START Dataset section
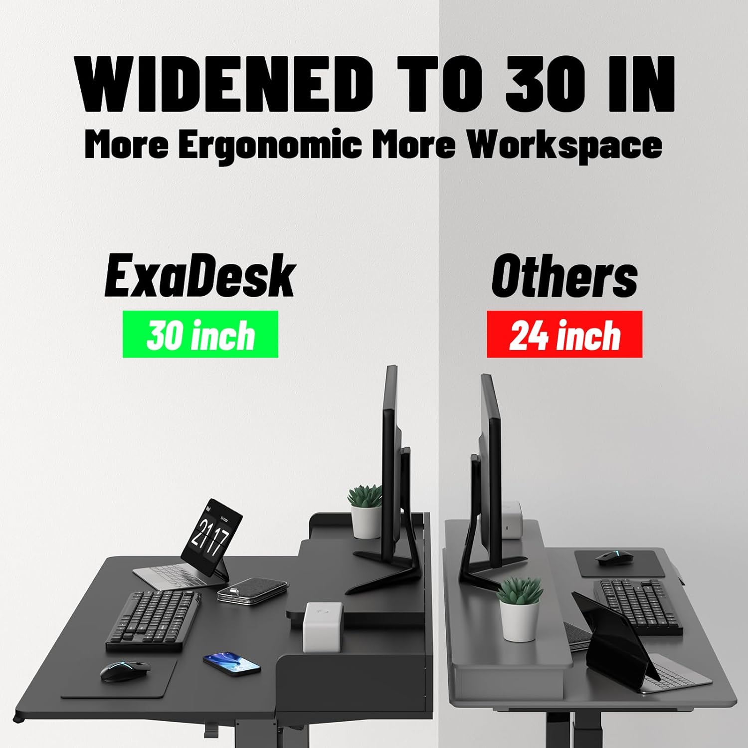 - 😃MORE ERGONOMIC AND MORE WORKSPACE: Widened to 30 Inches, Additional Workspace fully meets the space requirements for working time,Stand up desk with 2 Drawers for desktop organization
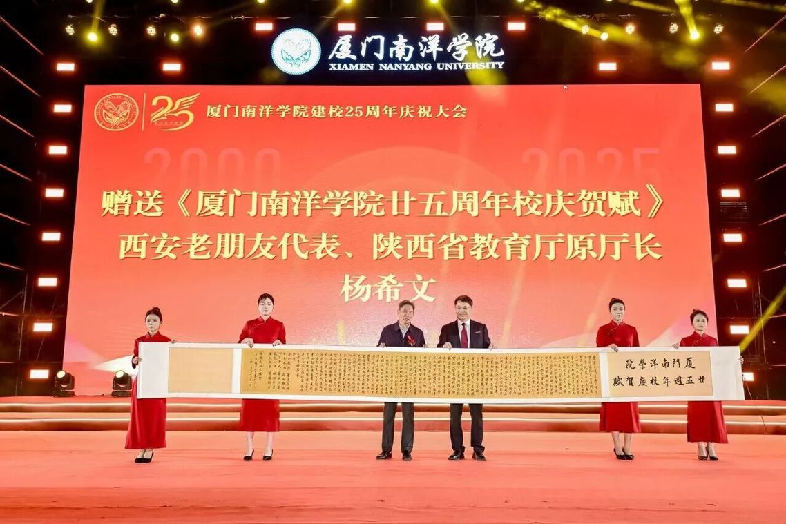 11月1日,厦门南洋学院建校25周年庆祝大会在金尚田径运动场顺利举行。各界领导、嘉宾,校企合作伙伴,海内外校友,学校历任、现任领导以及教职工和学生代表三千余人齐聚一堂,共同庆祝南洋学院廿五华诞。此外,学校还收到了116家单位发来的贺信,以及多位老领导、老朋友专门撰写的《校庆贺赋》。
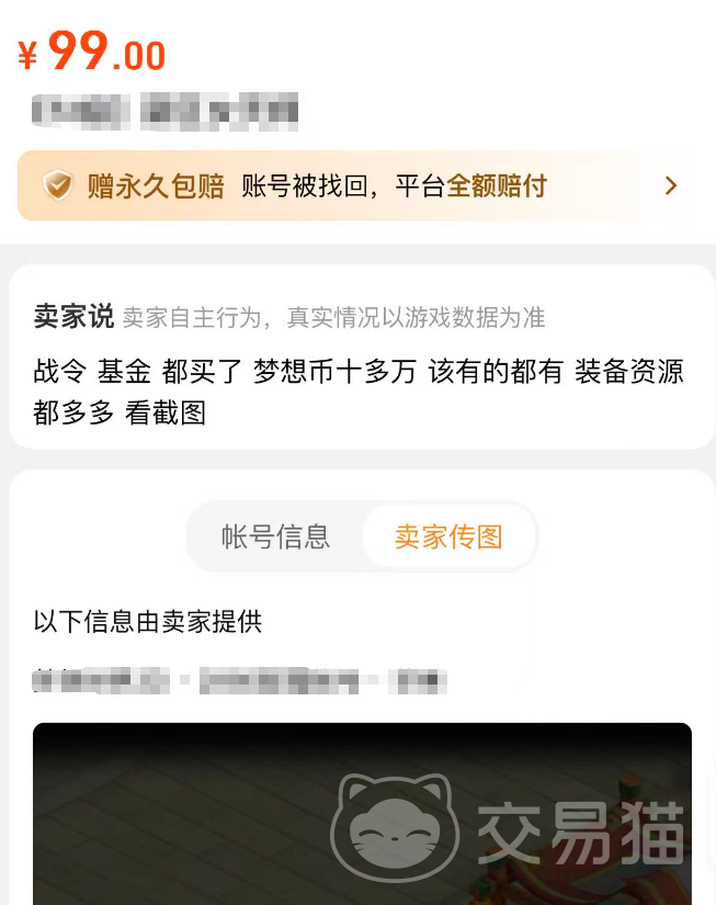 在安全性方面,交易猫也是很有保障的,它背靠阿里巴巴灵犀互娱,强大的企业背景也是能够为其提供一定的安全支撑,而且它在当下行业内也是有着全场账号永久包赔的服务,这在一众游戏交易领域都是非常罕见的。如果我们在购买游戏账号的过程中出现被恶意找回的情况,只需要寻找平台客服进行索赔,即可快速启动退款流程,让我们没有后顾之忧,而且买号之前,平台客服也会为我们提供验号的服务,这也进一步增强了账号交易的可信度。
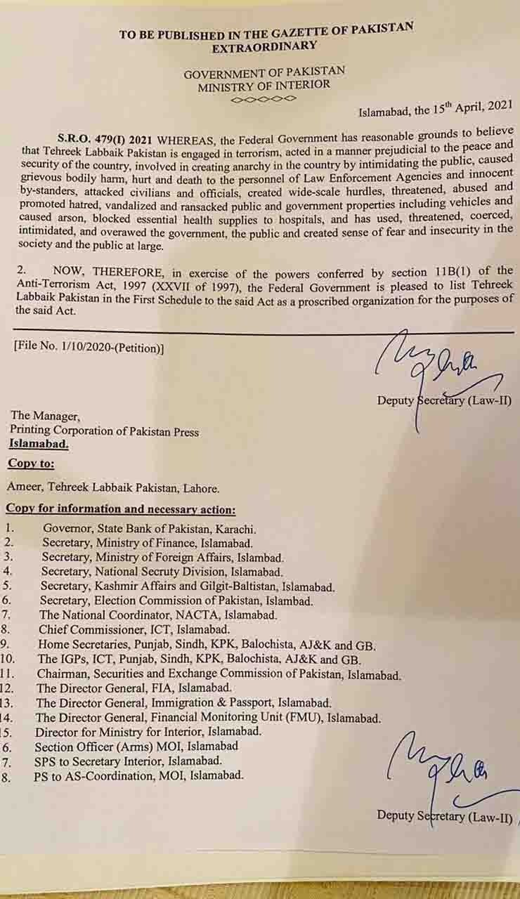 In the last few days, TLP has carried out certain activities that pose threat to state’s safety and security and have disturbed the law-and-order situation in multiple cities.
END Dataset section
=== What is being asked ===
Could you return the whole listing exactly, with every picture removed?

=== Solution ===
 - 😃MORE ERGONOMIC AND MORE WORKSPACE: Widened to 30 Inches, Additional Workspace fully meets the space requirements for working time,Stand up desk with 2 Drawers for desktop organization
 11月1日,厦门南洋学院建校25周年庆祝大会在金尚田径运动场顺利举行。各界领导、嘉宾,校企合作伙伴,海内外校友,学校历任、现任领导以及教职工和学生代表三千余人齐聚一堂,共同庆祝南洋学院廿五华诞。此外,学校还收到了116家单位发来的贺信,以及多位老领导、老朋友专门撰写的《校庆贺赋》。
 在安全性方面,交易猫也是很有保障的,它背靠阿里巴巴灵犀互娱,强大的企业背景也是能够为其提供一定的安全支撑,而且它在当下行业内也是有着全场账号永久包赔的服务,这在一众游戏交易领域都是非常罕见的。如果我们在购买游戏账号的过程中出现被恶意找回的情况,只需要寻找平台客服进行索赔,即可快速启动退款流程,让我们没有后顾之忧,而且买号之前,平台客服也会为我们提供验号的服务,这也进一步增强了账号交易的可信度。
 In the last few days, TLP has carried out certain activities that pose threat to state’s safety and security and have disturbed the law-and-order situation in multiple cities.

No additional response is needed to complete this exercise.